Aumentará em nós a admiração, se considerarmos o desejo veementíssimo que tinha Nosso Senhor Jesus Cristo de sofrer e morrer por nós. “Hei de ser batizado com o batismo do meu próprio sangue e sinto-me morrer no desejo de ver chegar a hora da minha paixão e morte, a fim de que o homem reconheça o amor que lhe tenho” (Lc 12,50). Assim dizia o Filho de Deus em sua vida terrena. O mesmo sentimento lhe fez ainda dizer na noite que precedeu a sua dolorosa paixão: “Desejei ardentemente celebrar esta Páscoa convosco” (Lc 22,15). Parece, pois, diz São Basílio de Selêucia, que nosso Deus tem amor insaciável pelos homens.

Meu Jesus! Os homens não vos amam porque não ponderam o amor que lhes dedicais. Como é possível que a alma que considera um Deus morto por amor dela, e com tão grande desejo de morrer para lhe demonstrar o seu afeto, viva sem o amar?... São Paulo diz que não é tanto o que Jesus Cristo fez e sofreu, como o amor que nos testemunhou sofrendo por nós, que nos obriga e quase nos força a que o amemos (2Cor 5,14). À consideração deste sublime mistério, São Lourenço Justiniano exclamava: Vimos um Deus enlouquecido de amor por nós.

E, na verdade, se a fé não o afirmasse, quem é que poderia crer que o Criador quis morrer pelas suas criaturas?... Santa Madalena de Pazzi, num dos seus êxtases, tendo nas mãos uma imagem do Crucificado, chamava Jesus louco de amor. O mesmo diziam os gentios, quando ouviam pregar a morte de Cristo, que lhes parecia incrível loucura, segundo nos atesta o Apóstolo: “Pregamos o Cristo crucificado, escândalo para os judeus, necessidade para os gentios” (1Cor 1,23). Como é possível, diziam eles, que um Deus perfeitamente feliz em si mesmo e que nada necessita, desça à terra para fazer-se homem e morrer por amor dos homens, suas criaturas? Equivaleria a crer que Deus enlouqueceu por amor dos homens. É, contudo, de fé que Jesus Cristo, verdadeiro Filho de Deus, se entregou à morte, por nosso amor. “Amou-nos e ele mesmo se entregou por nós (Ef 5,2). E qual a razão desse sacrifício? Fê-lo, a fim de que não vivêssemos para o mundo, mas para esse bom Senhor que quis morrer por nós (2Cor 5,15). Fê-lo com o fim de ganhar, pela manifestação do seu amor, todos os afetos dos nossos corações. Assim os Santos, ao considerarem a morte de Cristo, tiveram em pouca conta o dar a vida e sacrificar tudo pelo amor de seu amantíssimo Jesus.

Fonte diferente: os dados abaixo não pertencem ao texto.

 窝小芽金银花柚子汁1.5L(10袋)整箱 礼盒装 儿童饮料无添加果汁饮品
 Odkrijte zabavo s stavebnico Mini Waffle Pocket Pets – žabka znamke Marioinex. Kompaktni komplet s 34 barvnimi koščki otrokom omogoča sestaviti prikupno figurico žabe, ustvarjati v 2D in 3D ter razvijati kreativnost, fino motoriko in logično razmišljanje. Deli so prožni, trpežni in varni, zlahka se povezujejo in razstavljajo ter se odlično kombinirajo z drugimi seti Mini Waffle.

Quantos ilustres personagens, quantos príncipes abandonaram riquezas, famílias, pátria e até coroas, para se encerrarem nos claustros e viver no amor de Deus! Quantos mártires lhe sacrificaram a vida! Quantas virgens, renunciando às bodas deste mundo, correram alegres para a morte, a fim de assim poderem corresponder ao afeto de um Deus, morto por seu amor!... E tu, meu irmão, que tens feito até agora por amor de Cristo?... Assim como o Senhor morreu pelos Santos, por um São Lourenço, por uma Santa Luzia, por uma Santa Inês... também morreu por ti... Que pensas ao menos fazer no resto da vida, que Deus te concede para que o ames? Lança repetidas vezes os olhos sobre a imagem do Crucificado, contemplando-o! Lembra-te do amor que lhe deves e dize em teu interior: “Meu Deus, foi por mim que quisestes morrer?” Faze ao menos isto; faze-o freqüentemente, e assim te sentirás docemente constrangido a amar a Deus, que tanto te ama.

AFETOS E SÚPLICAS

Não vos amei como devia, amantíssimo Redentor, porque não pensei no amor que me tivestes! Ah! meu Jesus! quão ingrato sou!...

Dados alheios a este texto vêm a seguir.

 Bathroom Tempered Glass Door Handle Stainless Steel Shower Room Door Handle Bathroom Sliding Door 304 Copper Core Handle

Destes a vida por mim, sofrendo a mais amarga das mortes, e eu mostrei- me tão insensato que nem quis pensar em vós. Perdoai-me, Senhor; prometo-vos que, de hoje em diante, ó meu Amor crucificado, sereis o único objeto dos meus pensamentos e afetos. Quando o demônio e o mundo me apresentarem seus frutos venenosos, recordai-me, amado Salvador, os trabalhos que por meu amor sofrestes, e fazei que vos ame e não vos ofenda... Ah, se um de meus servos houvesse feito por mim o que vós fizestes, não me atreveria a dar-lhe o menor desgosto.

E, no entanto, muitas vezes ousei apartar-me de vós, que morrestes por mim!... Ó belas chamas de amor, que obrigastes um Deus a dar a sua vida por mim; vinde, abrasai-me e enchei todo o meu coração e consumi nele o afeto às coisas criadas! Meu amantíssimo Redentor, como é possível que se não sinta inflamado de amor por vós o que vos considera no presépio de Belém, na cruz do Calvário, e agora no Santíssimo Sacramento do Altar?... Amo-vos, meu Jesus, com toda a alma, e no resto da minha vida se-reis o meu único bem, o meu único amor. Não devo aumentar a soma dos anos desventurados, que passei desgraçadamente no esquecimento da vossa Paixão e dos vossos afetos.

A vós me entrego inteiramente e se não sei dar-me como devo, acolhei-me vós e reinai no meu coração. Adveniat regnum tuum. Não volto a ser escravo, a não ser do vosso amor. Que todas as minhas palavras, todos os passos, todos os meus pensamentos, todos os suspiros não tenham outro objeto senão amar-vos e servir-vos. Assisti-me com vossa graça a fim de que vos seja fiel; é nos vossos merecimentos que confio, ó meu Jesus? Ó Mãe do belo amor, fazei que ame muito ao vosso divino Filho, que é tão digno de ser amado e que tanto me tem amado!

V/: Requiem aeternam dona eis, Domine, et lux perpetua luceat eis. Requiescant in pace. R:/ Amém.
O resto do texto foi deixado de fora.